Topeka Domestic Violence: Topeka City Council Repeals Domestic Violence Law to Save Money
The city council of Topeka, Kansas repealed a local law banning domestic violence on Tuesday in a controversial move to challenge the county's decision to stop prosecuting the crime due to budget cuts.
The Topeka City Council legalized domestic battery in a 7 to 3 vote late Tuesday, arguing that county and state courts were better poised to prosecute those offenses.
Kansas' Shawnee County, which boasts Topeka as its biggest city, stopped prosecuting misdemeanor crimes, including domestic violence cases, on Sept. 8 due to a 10 percent cut to the district attorney's $3.5 million budget. As a result, those cases were shifted to local courts. Topeka officials say the city -- the capital of Kansas -- cannot afford to prosecute them either.
Needed Cost-Cuts or Irresponsible Game Of Chicken?
As a result, the city council has legalized domestic battery in an attempt to force Shawnee County to pick up the cost, since the district attorney is still obliged to prosecute domestic violence charges under Kansas state law.
At least eighteen people have already been arrested on domestic violence charges and then released with no charges since September. Advocates for victims of domestic violence reportedly picketed the Shawnee County Courthouse on Tuesday.

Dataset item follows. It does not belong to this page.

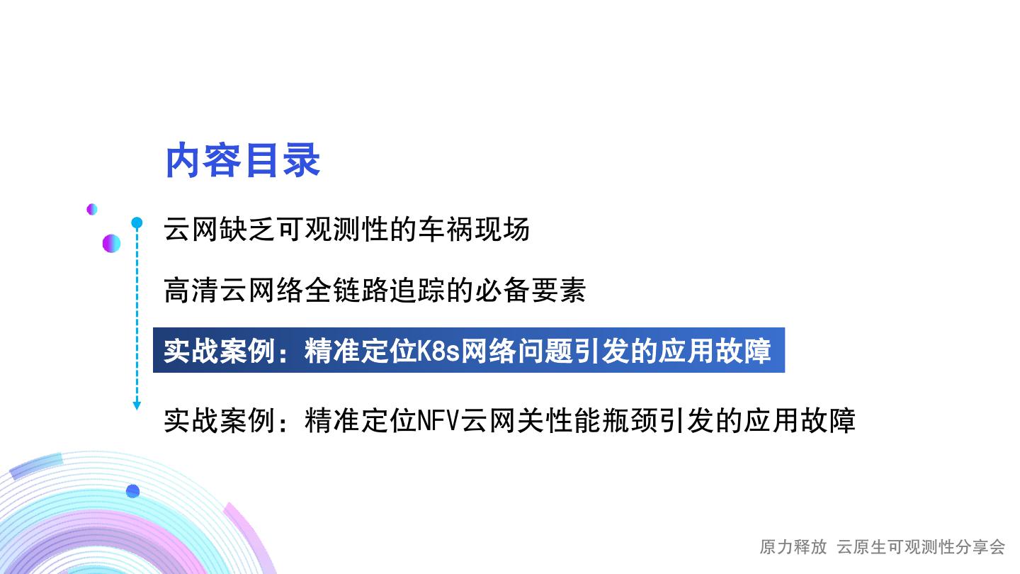 2 .内容目录 云网缺乏可观测性的车祸现场 高清云网络全链路追踪的必备要素 实战案例:精准定位K8s网络问题引发的应用故障 实战案例:精准定位NFV云网关性能瓶颈引发的应用故障 原力释放 云原生可观测性分享会
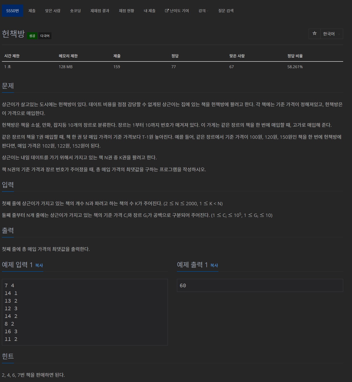 상근이가 살고있는 도시에는 헌책방이 있다. 데이트 비용을 점점 감당할 수 없게된 상근이는 집에 있는 책을 헌책방에 팔려고 한다. 각 책에는 기준 가격이 정해져있고, 헌책방은 이 가격으로

I absolutely do not understand it, Rita Smith, executive director of the National Coalition Against Domestic Violence, told the Kansas City Star. It's really outrageous that they're playing with family safety to see who blinks first. People could die while they're waiting to straighten this out.
Shawnee County District Attorney Chad Taylor's decision to immediately stop misdemeanor prosecutions in Topeka took many by surprise because he had previously written that the city does not have the staff or infrastructure to provide victims of domestic violence with the level of service they have come to expect.

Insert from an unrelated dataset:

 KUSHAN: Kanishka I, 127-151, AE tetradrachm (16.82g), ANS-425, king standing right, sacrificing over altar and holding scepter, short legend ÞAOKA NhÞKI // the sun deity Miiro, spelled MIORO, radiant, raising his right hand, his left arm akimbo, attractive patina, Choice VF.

However, Taylor told The New York Times that the county forced his hand and said his office is dealing with a recent uptick in violent crime as the result of a bump in gang activity.

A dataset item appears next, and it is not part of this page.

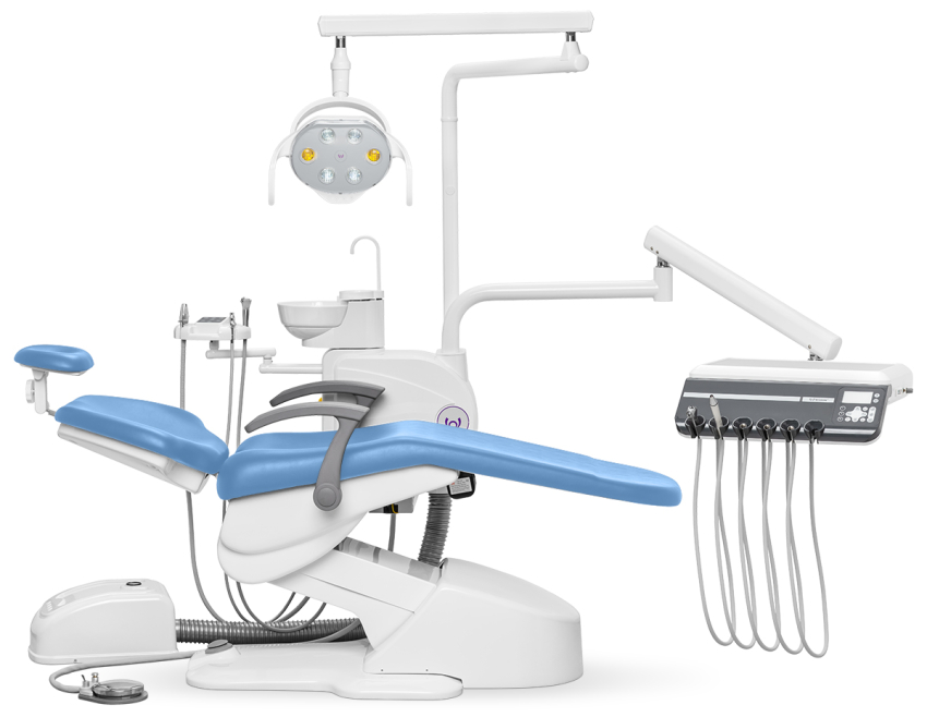 Многие стоматологи выбирают именно нижнюю подачу потому, что так пациент не видит инструментов и не испытывает напряжения. Кроме того, модуль располагается довольно низко и за инструментами не нужно далеко тянуться. Модуль врача рассчитан на 6 инструментов, он имеет пульт управления креслом.
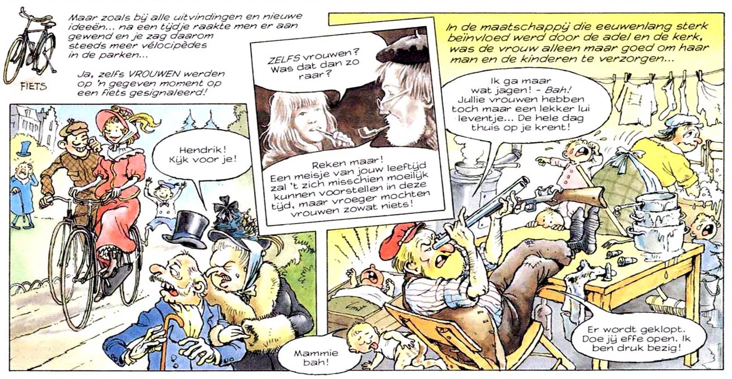 Another way of distinguishing themselves from a schoolly approach was the use of comedy. Yet Roep was aware that children needed to be aware which things were actual facts and what was meant as a joke. He created a framing narrative set in the present time. It centers around a young girl, Ankie Verhagen, who receives private lessons in history from an old, sympathetic and wise man named Methusalem de Tijdt and who is strongly implied to be Father Time. The scenes between Ankie and Methusalem are mostly serious in tone and therefore drawn in a semi-realistic style. Everything he tells her are actual historical facts. The historic events themselves are drawn in a more comedic style, with several (visual) gags, corny puns and nods to other comic series like Carl Barks' 'Uncle Scrooge', Hergé's 'Tintin', Willy Vandersteen's 'Suske en Wiske', Morris' 'Lucky Luke', Martin Lodewijk's 'Agent 327', Reg Parlett's version of 'Billy Bunter' and René Goscinny and Albert Uderzo's 'Astérix'. That way readers could easily distinguish fact from fiction. The use of a narrator also made it possible to avoid coming across as an illustrated essay, which 'L'Aventure des Belges' essentially was. As Methusalem talked, Ankie could make remarks and ask questions, which kept a child's point of view in check. It was also a handy way of criticizing certain historical characters and events that had often been presented as heroic throughout the ages, but could use a little old of the traditional "Dutch soberness" when reflecting on their questionable deeds.

Taylor is still responsible for prosecuting misdemeanors in the rest of the county as well as all felony domestic violence cases. However, almost half of the 423 misdemeanors prosecuted in 2010 were for domestic battery cases, while the other half mainly consists of shoplifting, drugs and assault charges.
Shelly Buhler, the chairwoman of the Shawnee County Commission, told The New York Times she did not expect Taylor to actually go through with his threat.
We had hoped that he would not put that group of victims at risk, that he would find some other way to absorb the cuts, she said.
One in four women will be a victim of domestic violence at some point in their life, according to the National Coaliton Against Domestic Violence. .
There were 23,864 incidents of domestic battery in Kansas in 2009, an 11 percent increase from the previous year. In Topeka, there were 1,733 incidents, leading to 607 arrests, according to the Kansas Bureau of Investigation.